Explications : la ville libre d’Empire a conclu une alliance avec certains cantons suisses à la fin du XVème siècle, notamment avec les puissants Zurichois. Afin de prouver la solidité de l’alliance, Zurich envoya en 1576 une barque avec une marmite de millet, ou Hirsebrei en allemand, qui arriva en soirée sur les quais de l’Ill. Le but de ce voyage était de montrer que Strasbourg pouvait recevoir de l’aide en moins d’une journée.
Plusieurs monuments commémorent cet événement insolite, en particulier la Fontaine des Zurichois dans le quartier de la Krutenau à Strasbourg (photo en fin d'article), mais également la sculpture d’Auguste Bartholdi dénommée Monument à la Suisse secourant Strasbourg qui se trouve à Bâle.
Une aide helvétique qui est notamment arrivée des siècles plus tard, en l’occurrence en 1870, lorsqu’une délégation suisse a réussi, au péril de la vie de ceux qui la composait, à faire évacuer de nombreux strasbourgeois lors du siège de la ville par les Prussiens. De la même manière, le pays alpin a accueilli de très nombreux Alsaciens lors de l’annexion nazie entre 1940 et 1945.

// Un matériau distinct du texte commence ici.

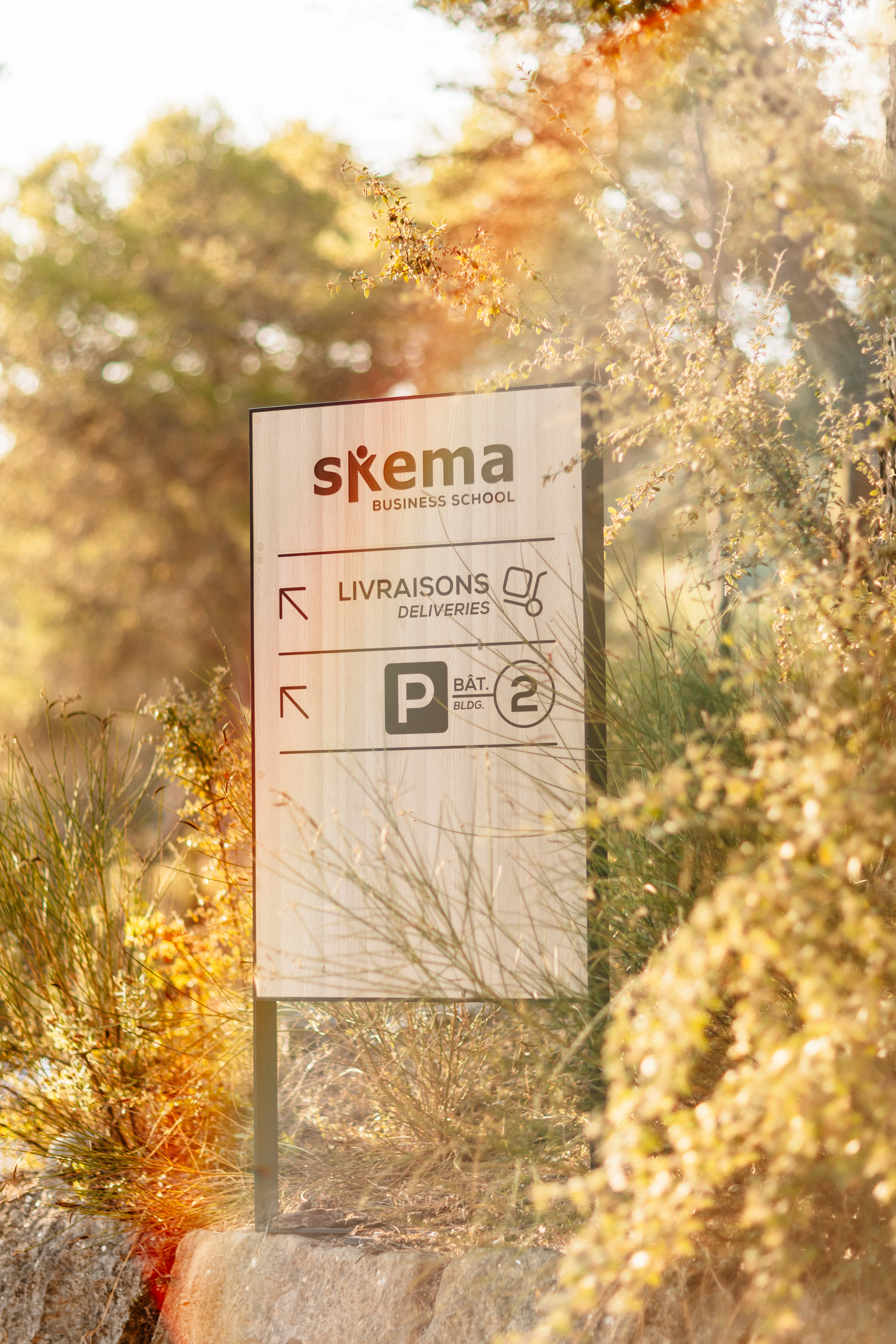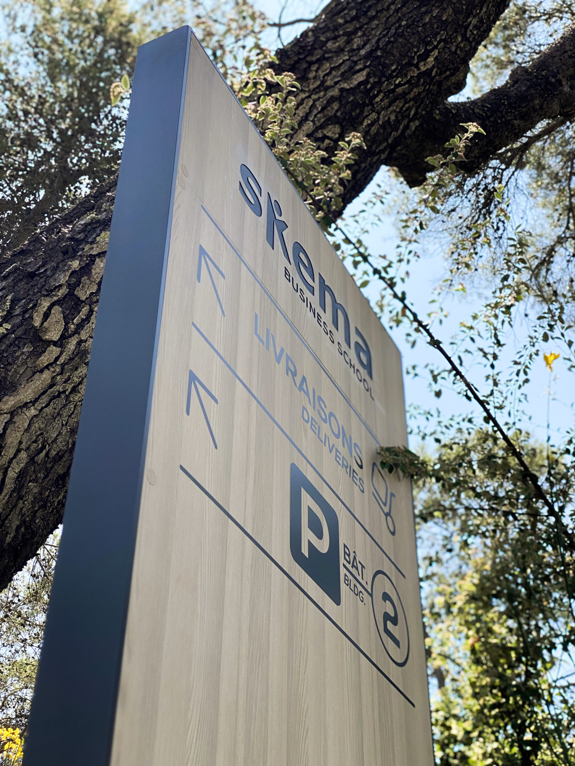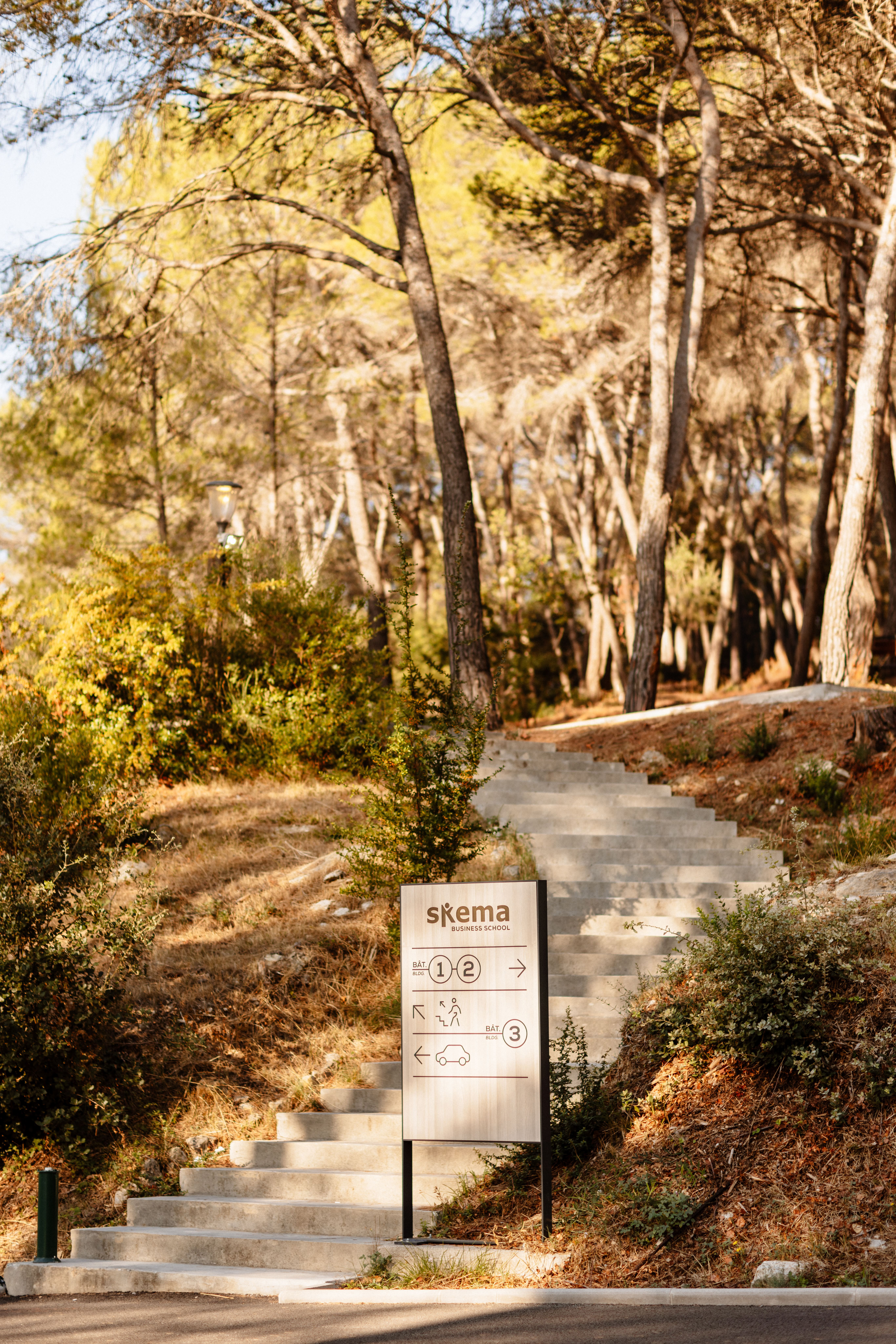 Le campus Sophia Antipolis de SKEMA Business School prend un nouveau souffle visuel. Entre nature et modernité, le parcours extérieur se transforme grâce à une signalétique pensée pour guider et harmoniser l’espace. Modernité, lisibilité et intégration à la pinède étaient au cœur du projet.
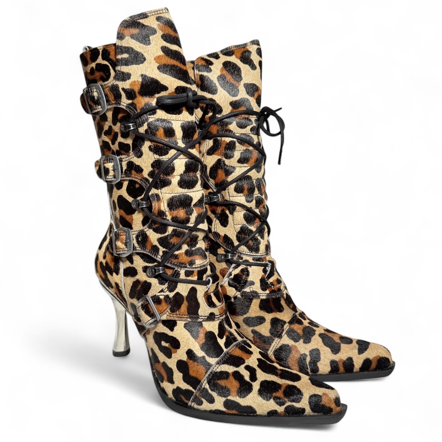 Эффектные сапоги бренда New Rock из натуральной кожи леопардовой расцветки с дизайнерскими ремешками. Металлический высокий каблук.
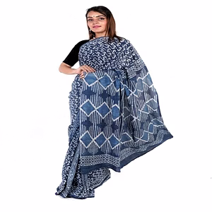Saree Fabric: Pure soft Chanderi cotton saree with spray-style dyeing above that hand-block prints. Artistic things to wear. Cotton tassels on pallu.
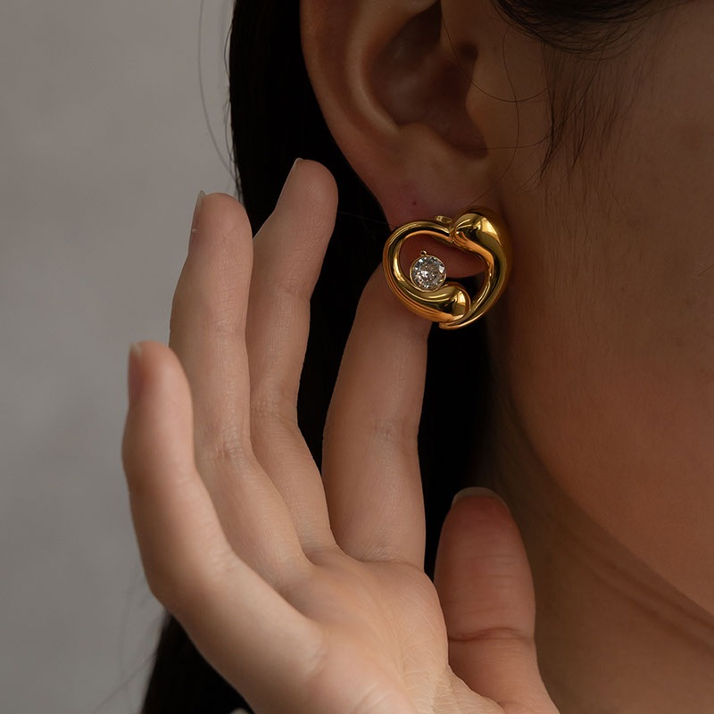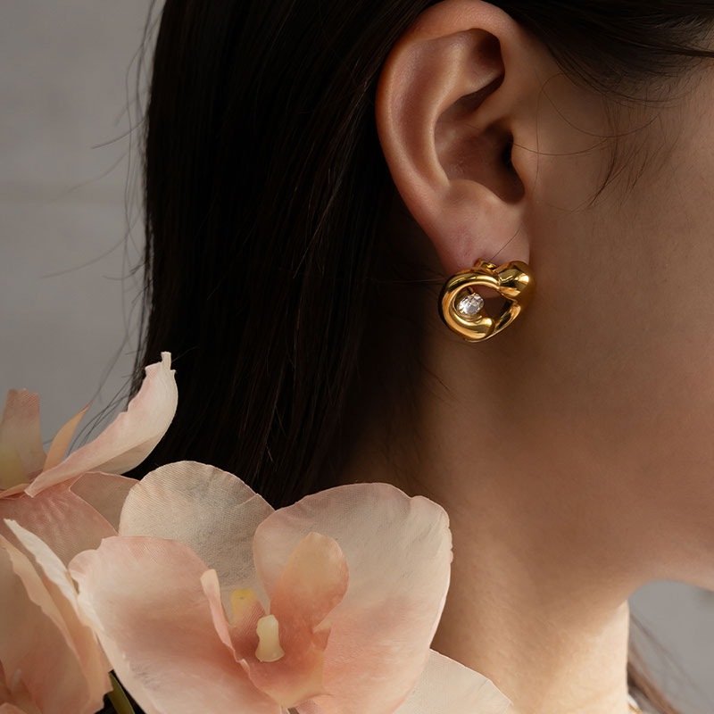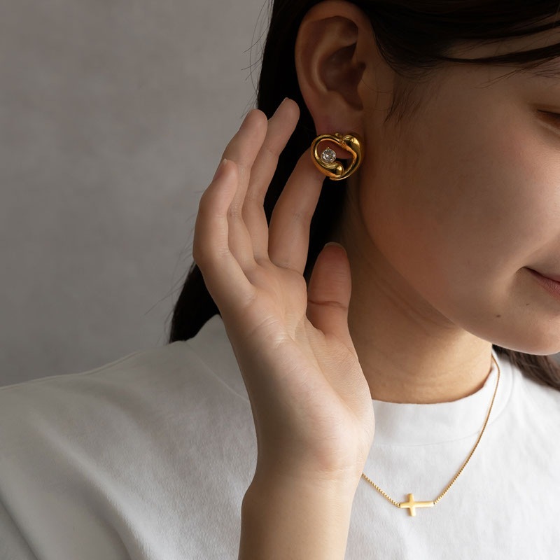 ぷっくりフォルムのオープンハートモチーフに、煌めくキュービックジルコニアが上品さを演出。

Quels liens entretiennent désormais l’Alsace et la Suisse ?
De nos jours, les tumultes des conflits ont été remplacés par une coopération transfrontalière pacifique et dynamique. Les deux département alsaciens et cinq cantons suisses du Nord-Ouest, Bâle-Ville, Bâle-Campagne, l’Argovie, Soleure et le Jura, font partie de la Région Métropolitaine Trinationale du Rhin supérieur, l’une des régions les plus dynamiques d’Europe en termes de coopération transfrontalière.
L’Eurodistrict trinational de Bâle regroupe aussi des territoires à l’intersection de la France, de l’Allemagne et de la Suisse. La coopération universitaire entre Alsace et Suisse est également très forte grâce à Eucor - le Campus européen, le seul Groupement Européen de Coopération Territorial porté par des établissements d’enseignement supérieur.
Enfin, on ne pourrait pas mentionner les flux de travailleurs frontaliers, très conséquents du Haut-Rhin vers la région de Bâle. Au milieu des années 2010, plus de 40.000 alsaciens allaient travailler quotidiennement en Suisse. Une mobilité transfrontalière facilitée par un substrat culturel et historique commun.